1. Following question of law has been referred for the opinion of this Court by the income tax Appellate Tribunal, Amritsar Bench, Amritsar, (for
short, ''the Tribunal'') arising out of its order dated 21-9-1990 in IT Appeal No. 219 (ASR) of 1987, for the assessment year 1982-83:-
Whether on the facts and the circumstances of the case, the Tribunal was justified in upholding the decision of the AAC who had directed the
Assessing officer to set off short term capital loss earned by the assessee against other business income before allowance of depreciation?
The assessee claimed set off of short term capital loss on account of sale of land and building which was not allowed by the Assessing Officer on
the ground that income of the assessee through other sources was negative. It may be mentioned that finally, assessed loss of the assessee was of
Rs. 60514. The assessee claimed that loss of Rs. 41,412 on account of short term capital loss be set off against other income before allowing
depreciation as before that there was positive income of Rs. 1,98,362. The appellate authority upheld the claim of the assessee, which was further
upheld by the Tribunal, relying upon section 71(3) pf the income tax Act, 1961 (for short, ''the Act'').

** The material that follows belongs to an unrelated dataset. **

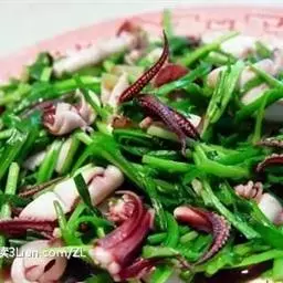 鱿鱼的切法:先从左角开始切,刀和鱿鱼呈45度的角,切那种连皮不要断刀的斜线就可以了;然后换反方向再…

2. We have heard learned counsel for the revenue and perused the findings recorded.
3. During the relevant assessment year, provisions of section 71(3) of the Act read as under:-
71(3). Where in respect of any assessment year the net result of the computation under sections 48 to 55 in respect of capital gains relating to
short-term capital assets is a loss and the assessee has income assessable under any head of income other than ""capital gains"", the assessee shall
subject to the provisions of this chapter, be entitled to have such loss set off against the income aforesaid.
4. The findings of the Tribunal, which are quite sketchy are reproduced hereunder:-
The word used is ''income'' against which the set off has to be. The words used are not ''total income'' as computed under the Act. Hence the
impugned order merits no interference at this level being based on proper appreciation of facts and law. The same stands upheld and the appeal
fails.
5. On a perusal of order of the Tribunal, we could not make out as on what reasoning the Tribunal had proceeded to dismiss the appeal of the
revenue. The profits and gains of business and profession chargeable to tax u/s 28 of the Act are computed as per provisions of sections 29 to 43
of the Act. Depreciation is one of the deduction to be made while computing income under this head. Determination of income under the head of
income from business and profession will not be complete unless all the provisions have been given effect to. Thus, there no reason to accept the
plea of the assessee that for the purpose of set off of short term capital loss, income from business should be taken before allowing depreciation.
6. Accordingly, the question referred is answered in favour of the revenue and against the assessee. Reference is disposed of accordingly.